====== DATA UNDER STUDY ======

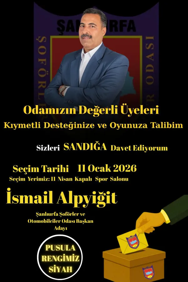 Şanlıurfa Şoförler ve Otomobilciler Odası seçimleri öncesi başkan adayı İsmail Alpyiğit, tüm oda üyelerini 11 Ocak 2026'daki seçimde görevlerini yapmaya ve sandığa gitmeye çağırdı.
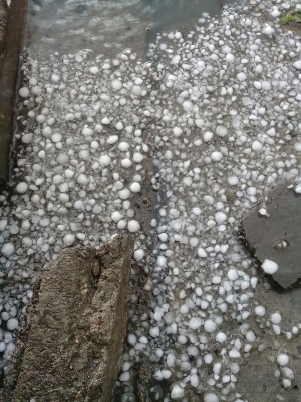 "В одном конце Шахтинска град выпал размером с горошину, а в нашей части города очень крупный, как большая черешня - я всерьез испугалась за машину, которую оставила во дворе, - рассказывает жительница Шахтинска Татьяна Качесова. - Помидоры град повредил, вишню посбивал, кусты картофеля уложил на землю".
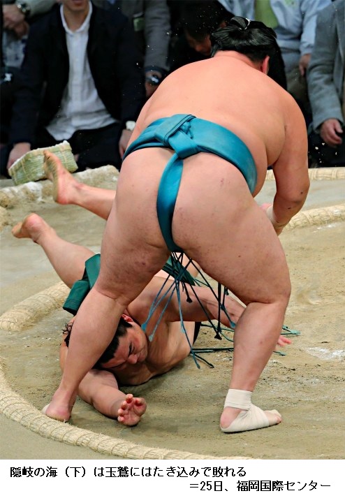 隠岐の海に玉鷲は玉鷲がはたき込み。隠岐の海は3敗目、玉鷲は10勝目です。
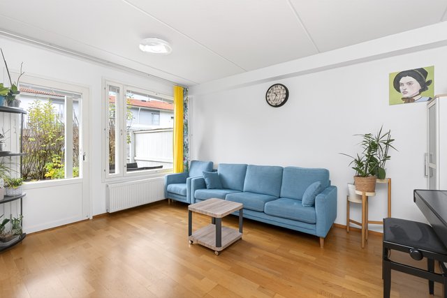 Tämä kaksikerroksinen koti tarjoaa mukavasti tilaa ja toimivuutta arkeen. Alakerrassa on avara olohuone, josta suuret ikkunat avautuvat aurinkoiselle etelään/lounaaseen suuntautuvalle pihalle ja terassille – täydellinen paikka nauttia kesäpäivistä. Keittiössä on runsaasti kaappi- ja työtilaa, ja se on suunniteltu käytännöllisyyttä ajatellen.
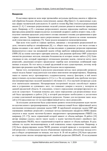 В настоящее время во всем мире чрезвычайно актуальны проблемы анализа и эффективной обработки больших объемов статистических данных (Big Data) [1; 2], накопленных в разных сферах человеческой деятельности. К одной из техник Big Data относится регрессионный анализ [3; 4]. С помощью регрессионных моделей успешно решается множество прикладных задач. Например, в [5] с помощью регрессионного анализа определены наиболее значимые факторы риска развития микрососудистых осложнений сахарного диабета второго типа, в [6] – получено значение предельно допустимого состава смесевого топлива для применения в тракторных дизелях. Традиционно много регрессионных моделей строится на основе экономической статистики (см, например, [7]). Такие модели называются эконометрическими
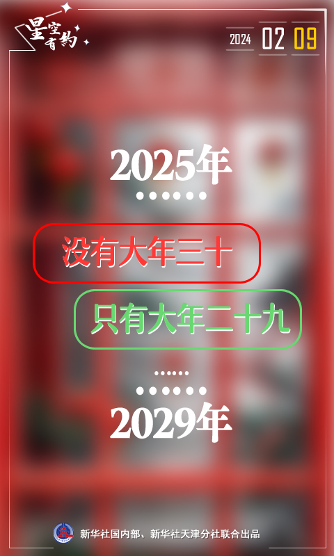 新华社天津1月13日电(记者周润健)近日一则“未来5年都没有大年三十”的消息引发公众关注。消息称,2024年2月9日是近年来最后一个大年三十,因为从2025年起至2029年都没有大年三十,只有大年二十九。天文科普专家表示,大年三十时有时无是正常历法现象,系农历大小月所致。
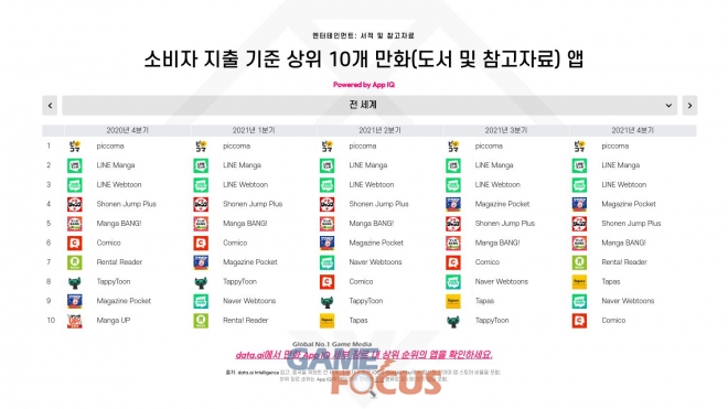 데이터 및 분석 플랫폼 data.ai(구. 앱애니)가 이달 5일 발표한 ‘2022년 모바일 미디어 및 엔터테인먼트 현황 보고서’에 따르면 픽코마는 전 세계만화(도서 및 참고자료) 앱 부문에서 소비자 지출이 많은 상위 앱 랭킹 1위를 꾸준히 유지 중인 것으로 나타났다. 2016년 4월 일본에서 첫 선을 보인 픽코마는 2020년 7월 처음 전세계 만화 앱 매출 1위를 차지하고 지금까지 자리를 지키고 있다.
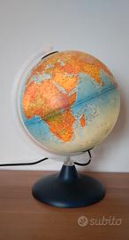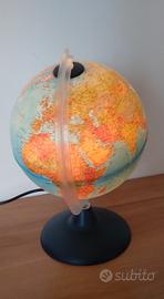 Lampada notturna "Il Globo" per bambini/ragazzi, diametro 25 cm, circonferenza 63 cm, altezza 30 cm. Presenta una base robusta e una stampa chiara e dettagliata che può essere usata come strumento didattico.
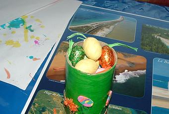 découpé un morceau de carton pour faire le fond qu'elle a collé
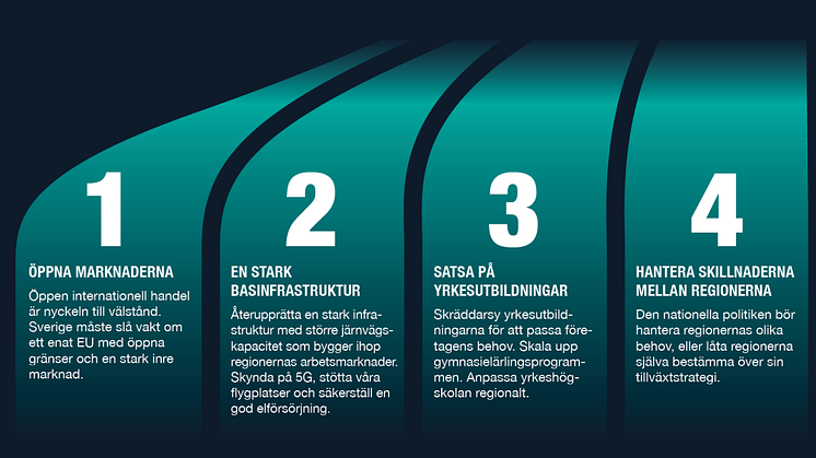 Vi har identifierat fyra punkter som vi tror att politiken behöver prioritera för att lyfta Sverige ur krisen.
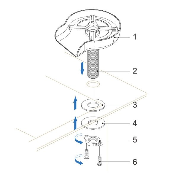 Slide Mounting Shank (2) Through Sink From Above; Then Slide The Shank(2)through The Rubber Washer(3); then Through The Steel Support Washer (4).Ensure Base Is Aligned With Sink And Outlet Extends Into Basin Prior To Fully Tightening Mounting Nut(5); Tightening The Screws (6).
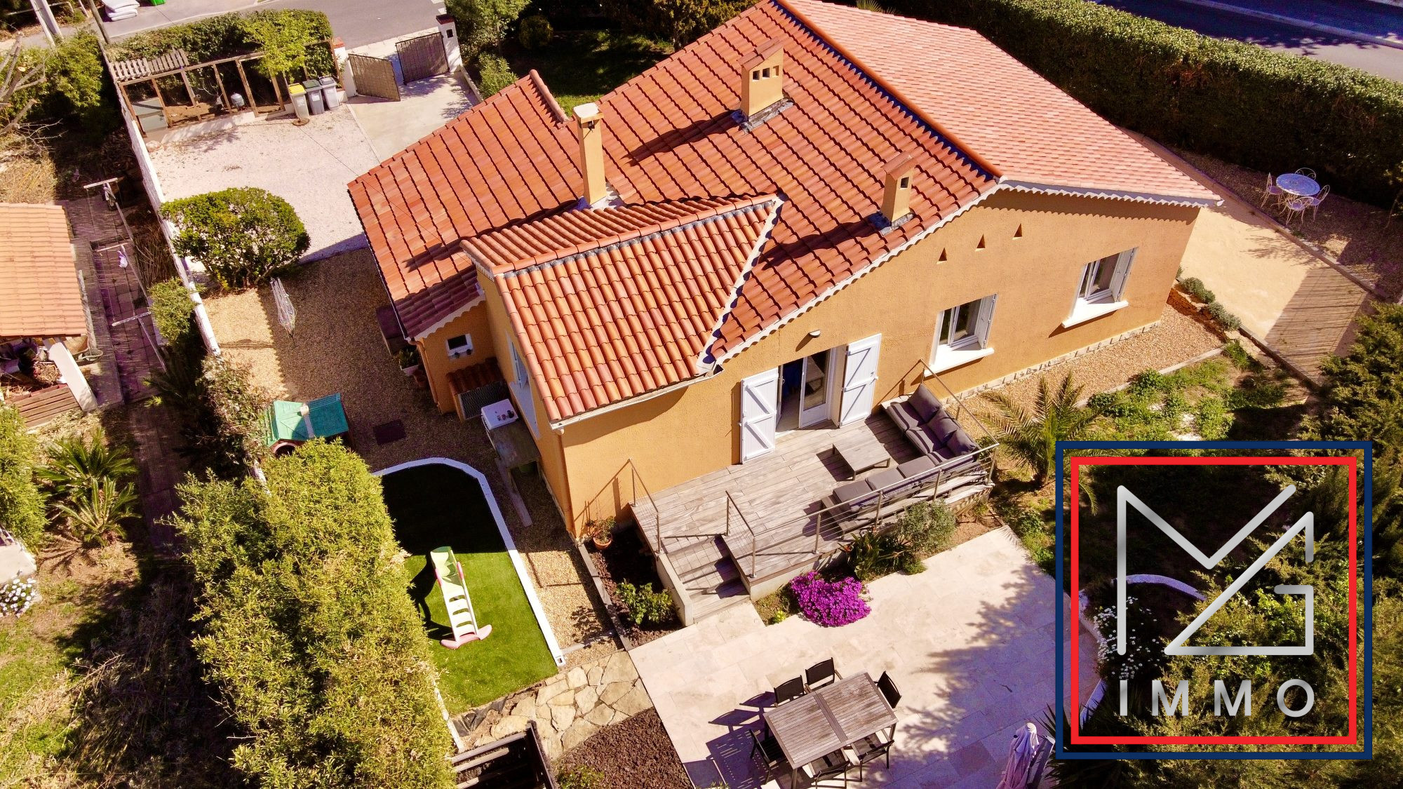 ... avec un jardin arboré d'environ 682M2 paisible, deux terrasses (Sud et Nord), une pergola, et un gr...
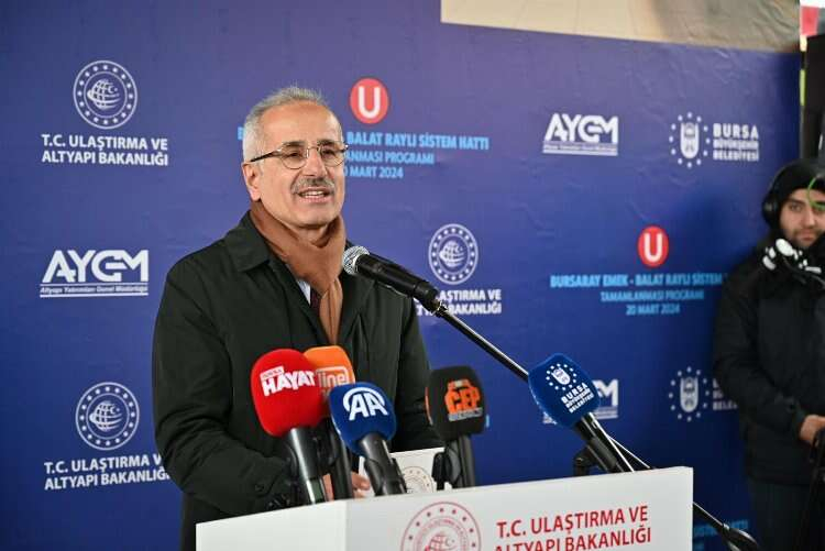 2002 yılından bu yana Cumhurbaşkanımız Sayın Recep Tayyip Erdoğan’ın liderliğinde şehirlerimiz trenlerle birbirlerine bağlarken şehir içi raylı sistemlerini de birbiri ardına hayata geçiriyoruz diyen Ulaştırma ve Altyapı Bakanı Abdülkadir Uraloğlu, “Türkiye Yüzyılında adeta kent için raylı sistem fırtınasını estiriyoruz. Ülke genelinde inşa ettiğimiz kent içi raylı sistem uzunluğumuz 433 km oldu. Değerli Bursalı hemşerilerim sadece İstanbul’da bu sene 34 kilometrelik raylı sistem hattını hayata geçirdik ve Bursa’da bugün buradayız Kocaeli’de hafta sonu yine raylı sistem çalışmalarımızı yürüttük” diye açıkladı. Uraloğlu, İstanbul, Kocaeli ve Bursa’da toplam 47 kilometrelik bir hattın çalışmasını devam ettirdiklerini ifade ederek “Bursa’da hayata geçirdiğimiz Emek-Şehir Hastanesi ve metro hattının bir kısmı Emek istasyonu, Balat istasyonu arasını ve Balat istasyonu tamamlanmasının sevincini yaşıyorum” dedi. Orhangazi‘nin yadigârı, Osmanlı İmparatorluğu’nun ilk büyük başkenti Bursa, başta şanlı tarihimiz olmak üzere sanayinin, ticaretin, tarımın ve turizmin en önde gelen şehirlerinden birisidir. Bu nedenle Bursa’nın ulaşım ve altyapısını güçlendirmek için Bursa’yı geleceğe taşıyacak birçok projeyi birbiri ardına hayata geçirdik ve bundan sonra da yolumuza devam edeceğiz” diye konuştu. Bakan Uraloğlu, 2002 yılından bu yana Bursa’da ulaşım ve iletişim alt yapısına 202 milyar liralık yatırım gerçekleştirdiklerini belirterek “Ulaştırma ve alt yapı bakanlığı olarak bölünmüş uzunluğumuzu 609 km’ye çıkardık. Yine kaplamalı yol uzunluğumuzu 787 km’ye çıkardık. İstanbul- Gebze- Orhangazi İzmir otoyolumuzu bitirdik. Bursa Çevre otoyolunu Bursa-İnegöl-Bozüyük-Ankara sınırı yolumuzu, Bursa Devlet yolu İzmir yolumuzu bitirdik. Önemli güzergahlarımızı tamamladık. Çalı-Kayapa-Hasanağa yolunun ikinci etabını bitirdik. Diğer etapları ile ilgili de yine Büyükşehir belediyemizle gerekli işbirliği içerisinde çalışmalarımızı önümüzdeki dönemlerde yürüteceğiz. Mevcut haliyle 2.9 km bölünmüş yolun 14 kilometresi tek yol olmak üzere 16.9 kilometresi hizmet veren Çalı yolumuzun tamamını inşallah bölünmüş yol haline getireceğiz” dedi.
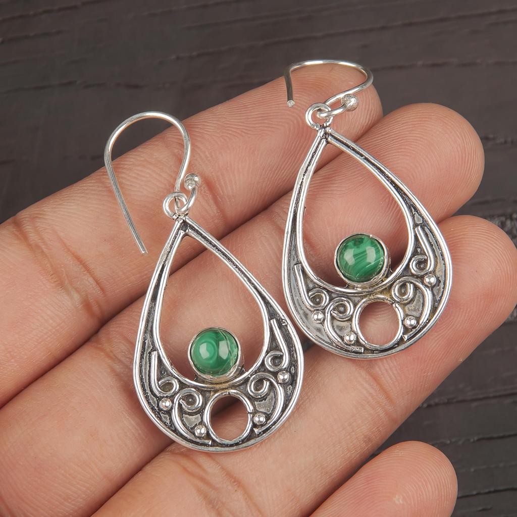 Brincos de Malaquita, Joias de Prata de Lei 925, Presente Para Mulheres Brincos Feitos à Mão Joias de Pedras Preciosas

======

§ TASK REQUIREMENTS
Output exactly the lines of the listing above that start with the one holding "新华社天津1月13日电(记者" and go on through the one holding "découpé un morceau"; leave the pictures out.

§ RESPONSE TO THIS EXERCISE
 新华社天津1月13日电(记者周润健)近日一则“未来5年都没有大年三十”的消息引发公众关注。消息称,2024年2月9日是近年来最后一个大年三十,因为从2025年起至2029年都没有大年三十,只有大年二十九。天文科普专家表示,大年三十时有时无是正常历法现象,系农历大小月所致。
 데이터 및 분석 플랫폼 data.ai(구. 앱애니)가 이달 5일 발표한 ‘2022년 모바일 미디어 및 엔터테인먼트 현황 보고서’에 따르면 픽코마는 전 세계만화(도서 및 참고자료) 앱 부문에서 소비자 지출이 많은 상위 앱 랭킹 1위를 꾸준히 유지 중인 것으로 나타났다. 2016년 4월 일본에서 첫 선을 보인 픽코마는 2020년 7월 처음 전세계 만화 앱 매출 1위를 차지하고 지금까지 자리를 지키고 있다.
 Lampada notturna "Il Globo" per bambini/ragazzi, diametro 25 cm, circonferenza 63 cm, altezza 30 cm. Presenta una base robusta e una stampa chiara e dettagliata che può essere usata come strumento didattico.
 découpé un morceau de carton pour faire le fond qu'elle a collé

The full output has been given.